* [Data for analysis]
────

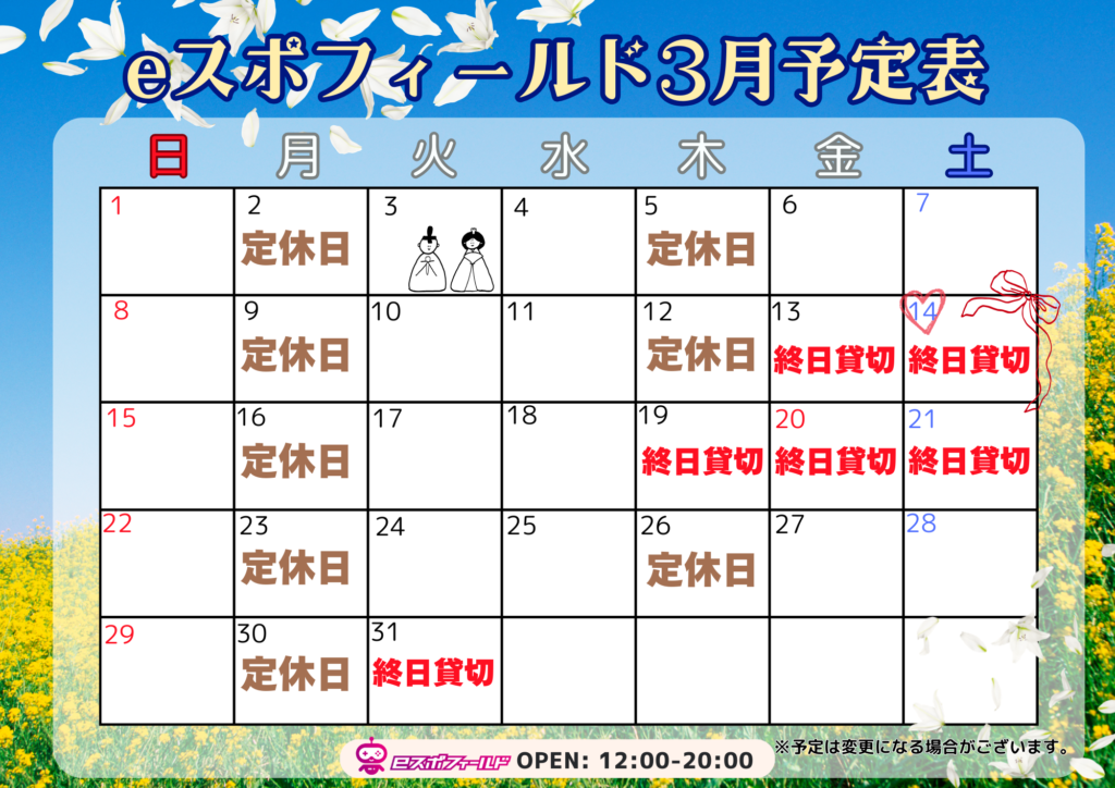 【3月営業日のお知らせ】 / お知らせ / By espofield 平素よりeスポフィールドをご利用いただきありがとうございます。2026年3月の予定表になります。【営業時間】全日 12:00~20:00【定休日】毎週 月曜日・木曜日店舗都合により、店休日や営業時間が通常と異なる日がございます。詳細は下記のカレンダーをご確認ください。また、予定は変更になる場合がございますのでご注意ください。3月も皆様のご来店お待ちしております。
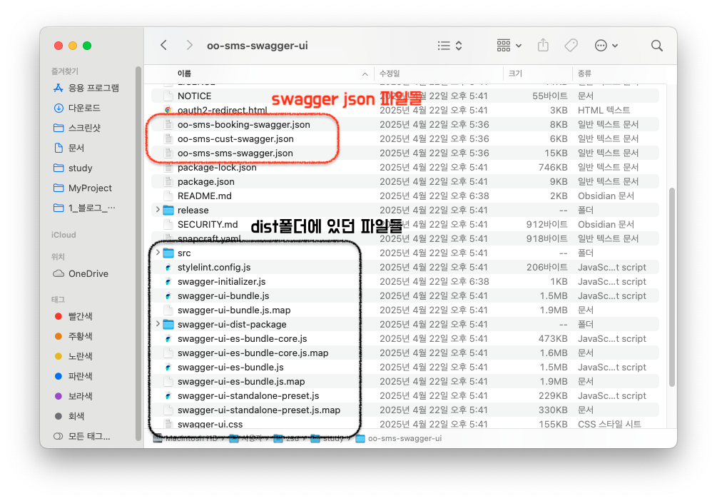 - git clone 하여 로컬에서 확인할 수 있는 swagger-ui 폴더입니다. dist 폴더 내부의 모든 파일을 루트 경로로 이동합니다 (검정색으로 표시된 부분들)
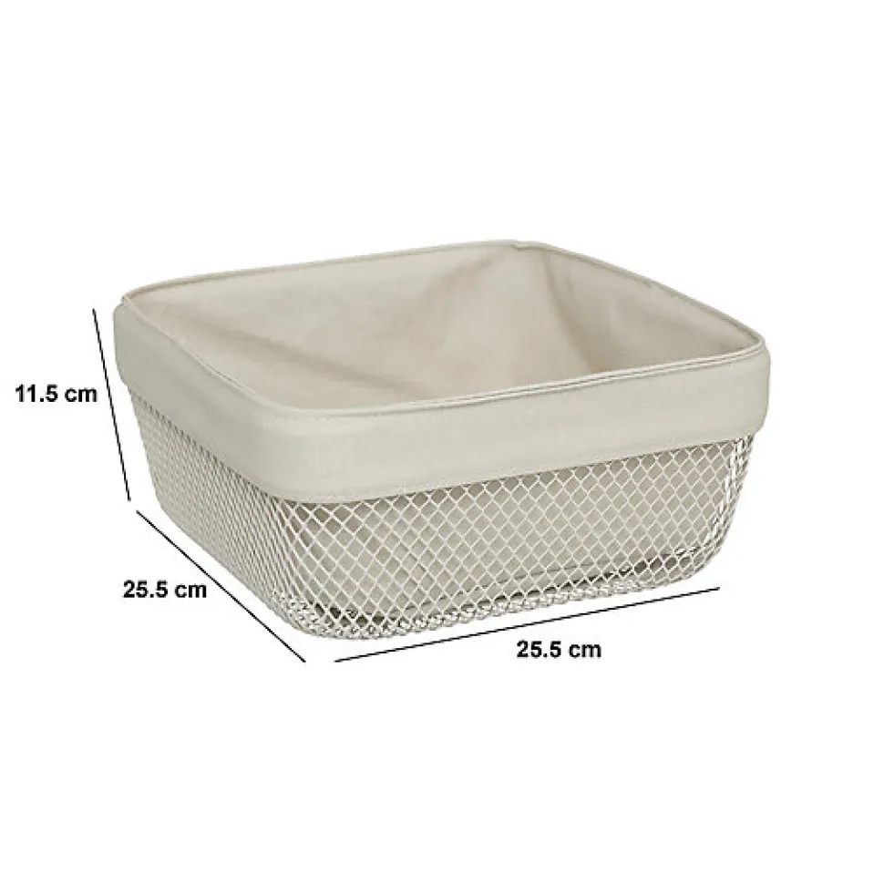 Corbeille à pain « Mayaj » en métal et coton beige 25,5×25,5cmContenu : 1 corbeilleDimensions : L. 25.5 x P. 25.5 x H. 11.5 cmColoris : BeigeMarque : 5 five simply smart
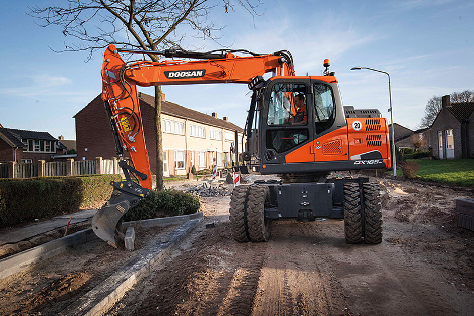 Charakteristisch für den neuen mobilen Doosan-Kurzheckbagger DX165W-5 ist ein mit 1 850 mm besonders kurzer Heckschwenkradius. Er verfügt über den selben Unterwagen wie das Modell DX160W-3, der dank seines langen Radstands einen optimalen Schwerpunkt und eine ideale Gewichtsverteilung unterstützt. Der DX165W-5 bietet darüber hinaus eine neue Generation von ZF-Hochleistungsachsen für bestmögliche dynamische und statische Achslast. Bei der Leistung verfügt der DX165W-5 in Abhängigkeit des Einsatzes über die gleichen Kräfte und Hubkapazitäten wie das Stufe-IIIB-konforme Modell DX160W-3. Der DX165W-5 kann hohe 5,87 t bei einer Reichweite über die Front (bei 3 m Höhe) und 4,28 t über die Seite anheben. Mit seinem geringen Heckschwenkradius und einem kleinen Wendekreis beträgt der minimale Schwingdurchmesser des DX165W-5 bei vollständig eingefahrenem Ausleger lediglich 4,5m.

────

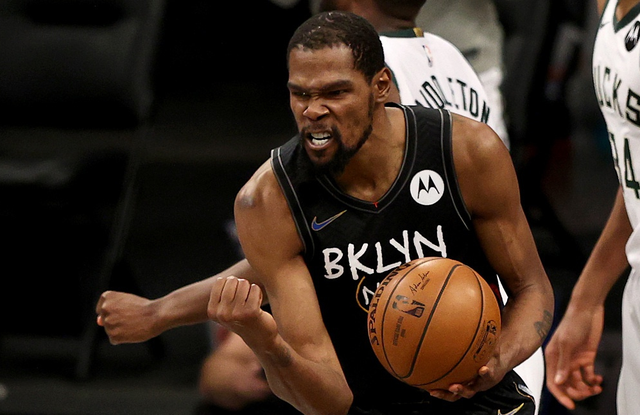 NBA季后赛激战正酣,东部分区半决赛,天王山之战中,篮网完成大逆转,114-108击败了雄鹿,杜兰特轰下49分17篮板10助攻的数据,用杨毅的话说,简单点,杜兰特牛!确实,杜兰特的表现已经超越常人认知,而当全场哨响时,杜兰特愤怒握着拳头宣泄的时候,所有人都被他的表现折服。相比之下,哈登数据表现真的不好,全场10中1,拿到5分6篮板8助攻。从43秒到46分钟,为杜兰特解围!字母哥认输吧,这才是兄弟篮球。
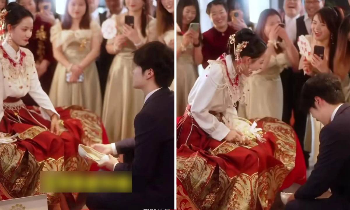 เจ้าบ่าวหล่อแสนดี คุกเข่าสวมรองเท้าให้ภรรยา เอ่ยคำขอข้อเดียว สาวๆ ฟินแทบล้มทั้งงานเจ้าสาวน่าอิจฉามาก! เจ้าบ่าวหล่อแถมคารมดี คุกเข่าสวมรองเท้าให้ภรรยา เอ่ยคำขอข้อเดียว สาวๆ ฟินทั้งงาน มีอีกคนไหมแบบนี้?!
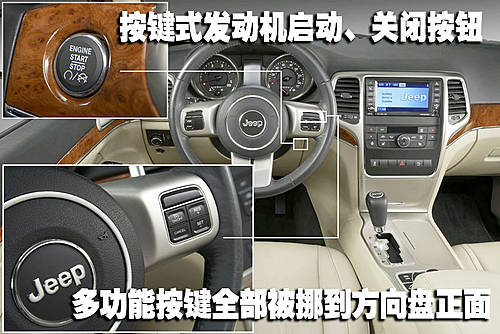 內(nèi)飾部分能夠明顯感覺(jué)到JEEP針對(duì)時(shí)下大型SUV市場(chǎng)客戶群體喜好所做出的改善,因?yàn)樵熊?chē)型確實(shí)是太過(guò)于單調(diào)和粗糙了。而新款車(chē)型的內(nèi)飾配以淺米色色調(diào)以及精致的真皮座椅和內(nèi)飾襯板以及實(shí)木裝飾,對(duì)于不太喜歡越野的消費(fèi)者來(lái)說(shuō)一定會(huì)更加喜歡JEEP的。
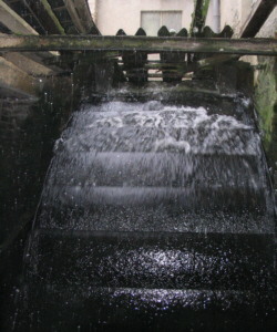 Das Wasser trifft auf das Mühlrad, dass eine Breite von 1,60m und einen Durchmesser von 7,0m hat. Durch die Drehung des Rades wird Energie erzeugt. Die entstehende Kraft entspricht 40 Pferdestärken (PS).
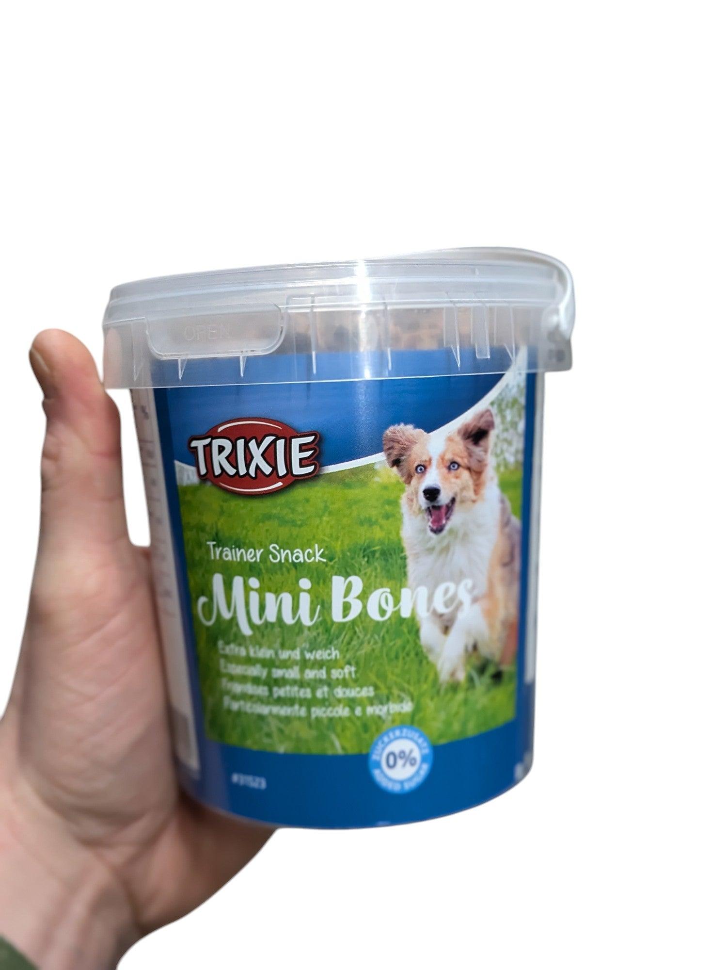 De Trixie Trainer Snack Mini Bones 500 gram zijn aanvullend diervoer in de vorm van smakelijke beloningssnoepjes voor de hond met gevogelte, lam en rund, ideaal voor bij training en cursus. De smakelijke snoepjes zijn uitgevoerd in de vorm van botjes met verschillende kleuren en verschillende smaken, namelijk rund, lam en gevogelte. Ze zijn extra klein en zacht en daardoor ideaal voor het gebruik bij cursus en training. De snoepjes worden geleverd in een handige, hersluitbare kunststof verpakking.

────

* [Try it] In the material above, the stretch from the line with "お知らせ / By espofield" through the line with "- git clone" is to be given again exactly, minus the pictures.

* [Solution for this task]
 【3月営業日のお知らせ】 / お知らせ / By espofield 平素よりeスポフィールドをご利用いただきありがとうございます。2026年3月の予定表になります。【営業時間】全日 12:00~20:00【定休日】毎週 月曜日・木曜日店舗都合により、店休日や営業時間が通常と異なる日がございます。詳細は下記のカレンダーをご確認ください。また、予定は変更になる場合がございますのでご注意ください。3月も皆様のご来店お待ちしております。
 - git clone 하여 로컬에서 확인할 수 있는 swagger-ui 폴더입니다. dist 폴더 내부의 모든 파일을 루트 경로로 이동합니다 (검정색으로 표시된 부분들)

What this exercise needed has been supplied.